=== Description of the task ===
Your task is to repeat the lines below exactly, excluding any pictures they contain.

=== Material provided ===
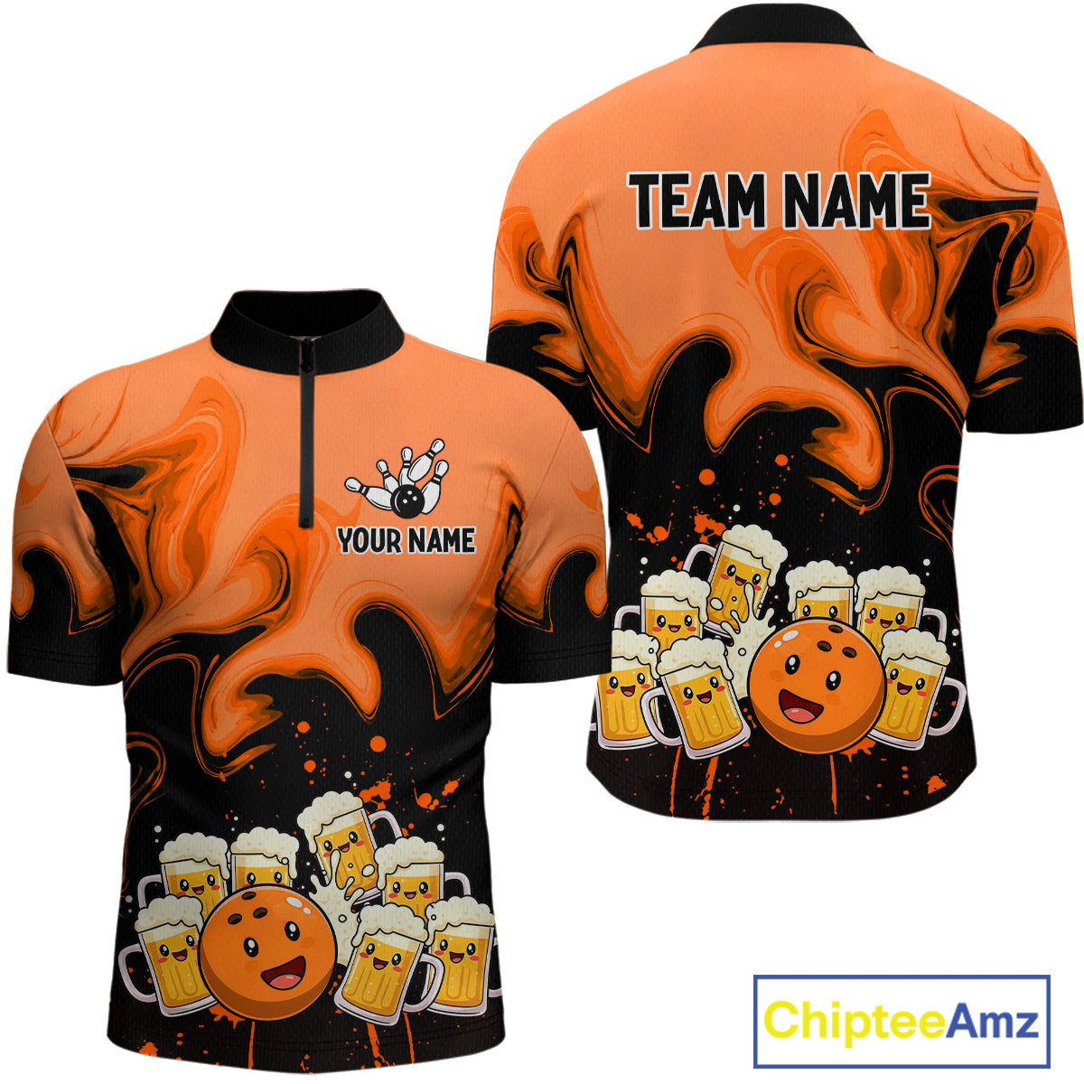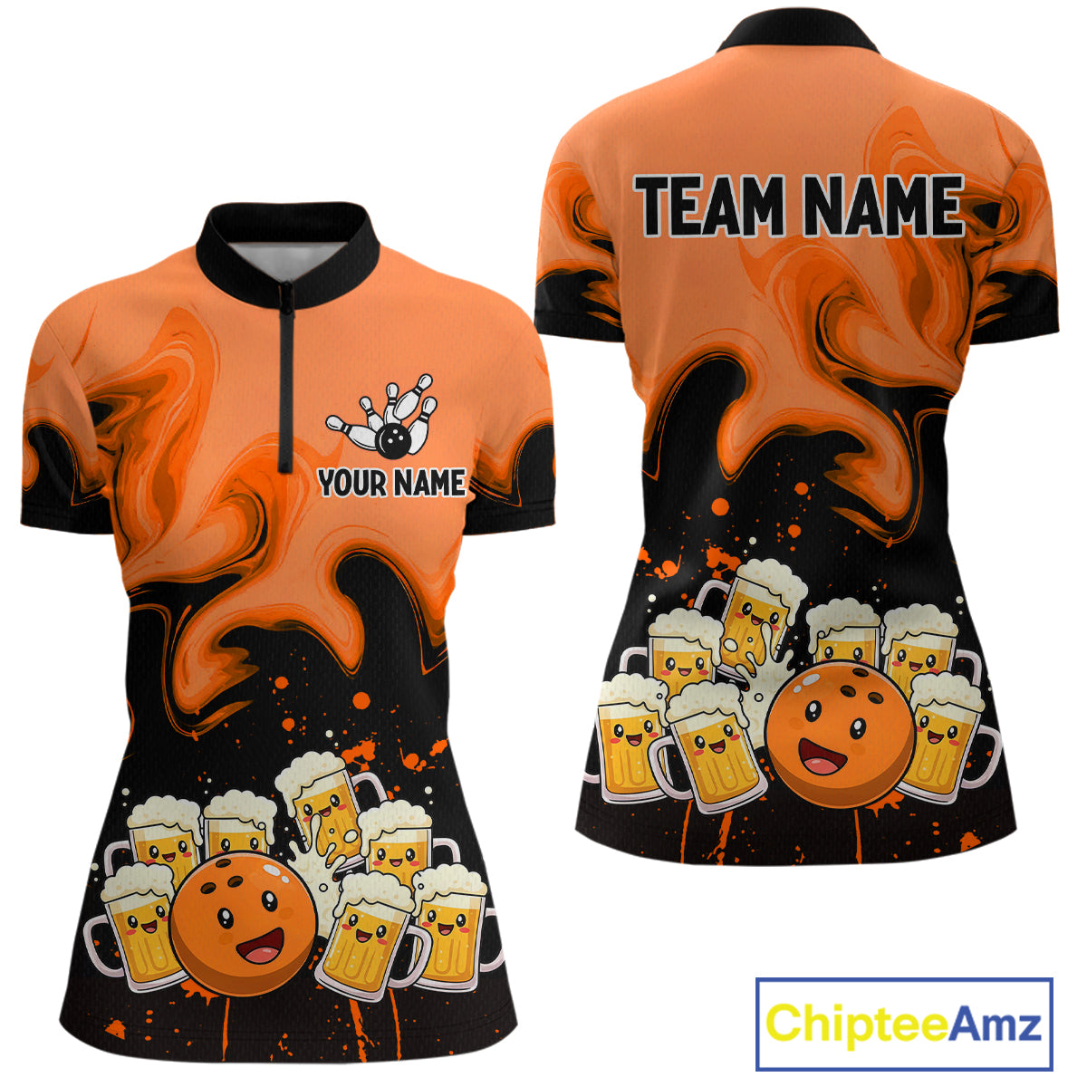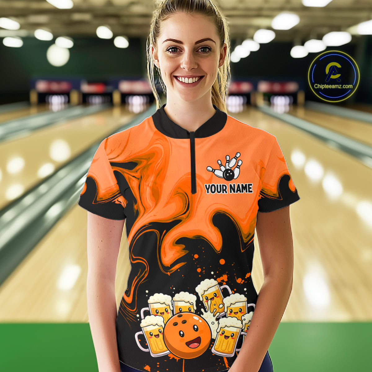 Funny Beer Bowling Shirts Orange for Women Men Bowling Polo&1/4 Zip Bowling League MBL252
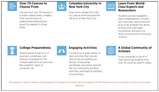 参与的学生可以与来自70多个国家、地区和45个州的学生一起学习。结课后可获得哥大的证书和教授推荐信。
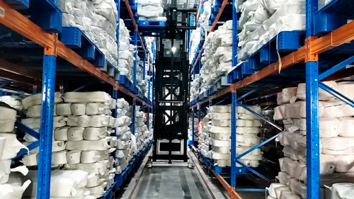 Project implementation area: yarn silo, semi-finished product silo, production line, towel semi-finished product warehouse. Yufeng Intelligent with hardware and software integration of flexible intelligent logistics solutions, integration of "MES+WMS+WCS" system, through the elevator, three-way AGV, bin type AGV, intelligent conveyor line and other intelligent equipment application, to help customers solve multi-regional, cross-floor cross-regional complex warehousing logistics problems. Improve logistics efficiency to achieve "moving, storage, production, personnel, delivery" each link of the front and back data synchronization, greatly shorten the product production cycle, to achieve production efficiency and product quality double improvement, this line concentrated yarn, coating, knitting, printing and dyeing, screen printing, drying, packaging and other links.
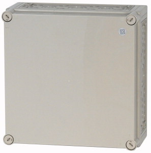 Einzel-Leergehäuse, Material Polycarbonat, schlagfest, Schutzart IP65, patentierter Deckelverschluss mit integriertem Überdruckausgleich, mit metrischen Vorprägungen in allen Seitenwänden, Leitungseinführung oben und unten jeweils=1xM50/32 und 2xM40/25 und 8xM25/16 und 2xM20, seitlich jeweils=1xM63/40 und 6xM25/16 und 10xM20 und 2xM16, Befestigungslaschen für Wandbefestigung, plombierbare Deckelverschlüsse, Seitenwände ausschlagbar, als Verteilergehäuse umbaubar durch ausschlagen der Seitenwände, RAL 7032, kieselgrau (Unterkasten), RAL 7032, kieselgrau (Deckel), Einbautiefe bei Montageplatte=150mm, Ausführung Deckel: undurchsichtig, Ausführung Unterteil: vorgeprägt, Deckel optional nachrüstbar mit Zylinderschloss DVZ...-CI
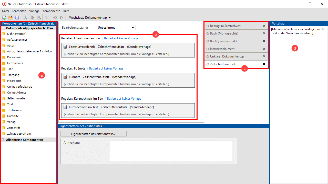 - Aus der a Komponentenpalette ziehen Sie Komponenten auf die b Montagefläche. Für jeden c Dokumententyp legen Sie fest, wie ein Titel im Literaturverzeichnis und ggf. in der Fußnote oder als Kurznachweis im Text erscheinen soll. Die Ergebnisse Ihrer Arbeit sehen Sie in der d Vorschau. Beachten Sie die Grundregeln für die Verwendung der Komponenten.
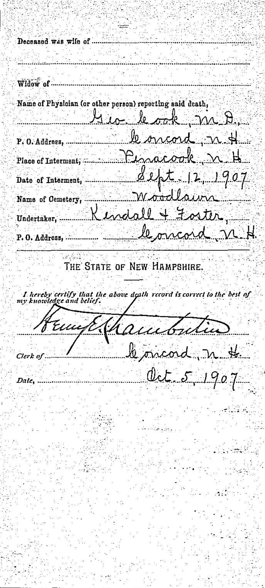 • Death Image: 10 September 1907, in Concord, NH. 4 • He was buried on 12 September 1907 in the Woodlawn in Penacook, NH. George married Elizabeth M. Keyes, daughter of Thomas Keyes and Sarah Whalen, on 21 October 1900 in Boston, MA.1 (Elizabeth M. Keyes was born in March 1872 in Newfoundland, CANADA 1 and died on an unknown date.)
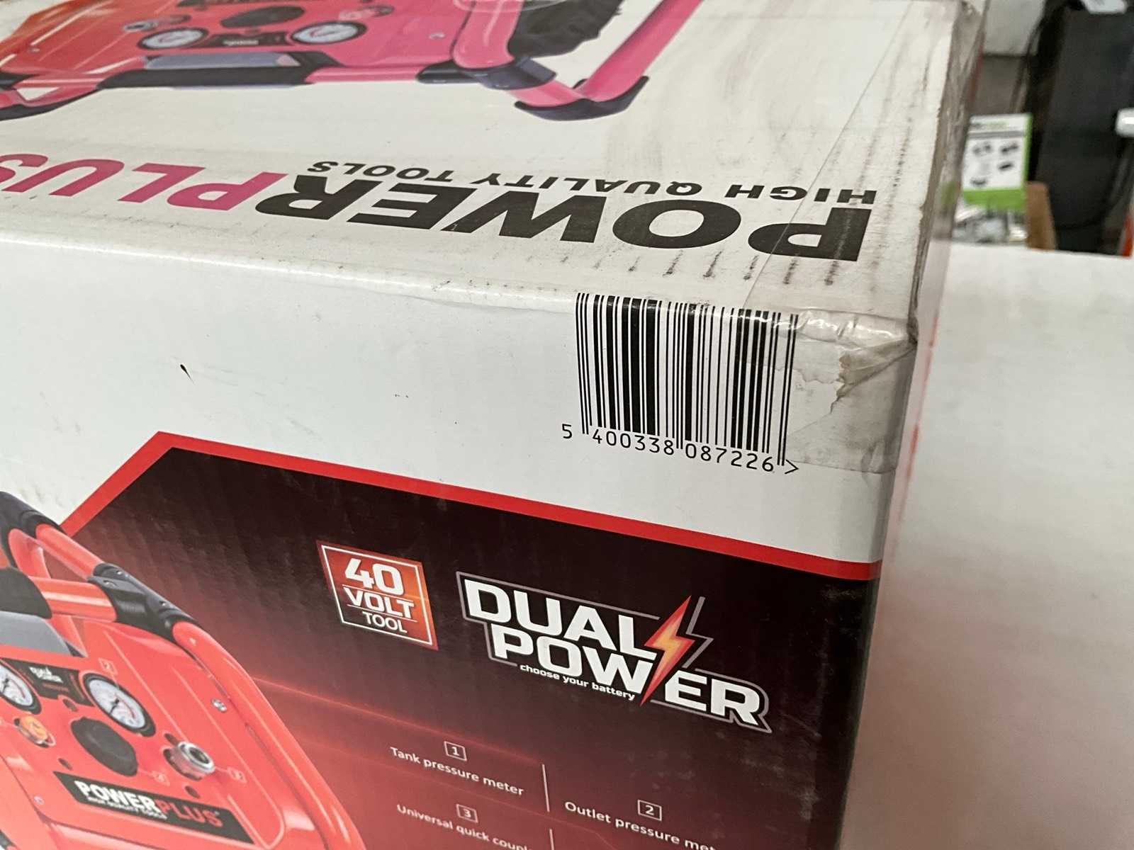 Nieuw in doos. Merk: PowerPlus Type: POWDP7070 Serienummer: 5400338087226 Capaciteit.: 8bar Luchtstroom: 36l/min Buffertank inhoud: 5l

=== Exercise output ===
 Funny Beer Bowling Shirts Orange for Women Men Bowling Polo&1/4 Zip Bowling League MBL252
 参与的学生可以与来自70多个国家、地区和45个州的学生一起学习。结课后可获得哥大的证书和教授推荐信。
 Project implementation area: yarn silo, semi-finished product silo, production line, towel semi-finished product warehouse. Yufeng Intelligent with hardware and software integration of flexible intelligent logistics solutions, integration of "MES+WMS+WCS" system, through the elevator, three-way AGV, bin type AGV, intelligent conveyor line and other intelligent equipment application, to help customers solve multi-regional, cross-floor cross-regional complex warehousing logistics problems. Improve logistics efficiency to achieve "moving, storage, production, personnel, delivery" each link of the front and back data synchronization, greatly shorten the product production cycle, to achieve production efficiency and product quality double improvement, this line concentrated yarn, coating, knitting, printing and dyeing, screen printing, drying, packaging and other links.
 Einzel-Leergehäuse, Material Polycarbonat, schlagfest, Schutzart IP65, patentierter Deckelverschluss mit integriertem Überdruckausgleich, mit metrischen Vorprägungen in allen Seitenwänden, Leitungseinführung oben und unten jeweils=1xM50/32 und 2xM40/25 und 8xM25/16 und 2xM20, seitlich jeweils=1xM63/40 und 6xM25/16 und 10xM20 und 2xM16, Befestigungslaschen für Wandbefestigung, plombierbare Deckelverschlüsse, Seitenwände ausschlagbar, als Verteilergehäuse umbaubar durch ausschlagen der Seitenwände, RAL 7032, kieselgrau (Unterkasten), RAL 7032, kieselgrau (Deckel), Einbautiefe bei Montageplatte=150mm, Ausführung Deckel: undurchsichtig, Ausführung Unterteil: vorgeprägt, Deckel optional nachrüstbar mit Zylinderschloss DVZ...-CI
 - Aus der a Komponentenpalette ziehen Sie Komponenten auf die b Montagefläche. Für jeden c Dokumententyp legen Sie fest, wie ein Titel im Literaturverzeichnis und ggf. in der Fußnote oder als Kurznachweis im Text erscheinen soll. Die Ergebnisse Ihrer Arbeit sehen Sie in der d Vorschau. Beachten Sie die Grundregeln für die Verwendung der Komponenten.
 • Death Image: 10 September 1907, in Concord, NH. 4 • He was buried on 12 September 1907 in the Woodlawn in Penacook, NH. George married Elizabeth M. Keyes, daughter of Thomas Keyes and Sarah Whalen, on 21 October 1900 in Boston, MA.1 (Elizabeth M. Keyes was born in March 1872 in Newfoundland, CANADA 1 and died on an unknown date.)
 Nieuw in doos. Merk: PowerPlus Type: POWDP7070 Serienummer: 5400338087226 Capaciteit.: 8bar Luchtstroom: 36l/min Buffertank inhoud: 5l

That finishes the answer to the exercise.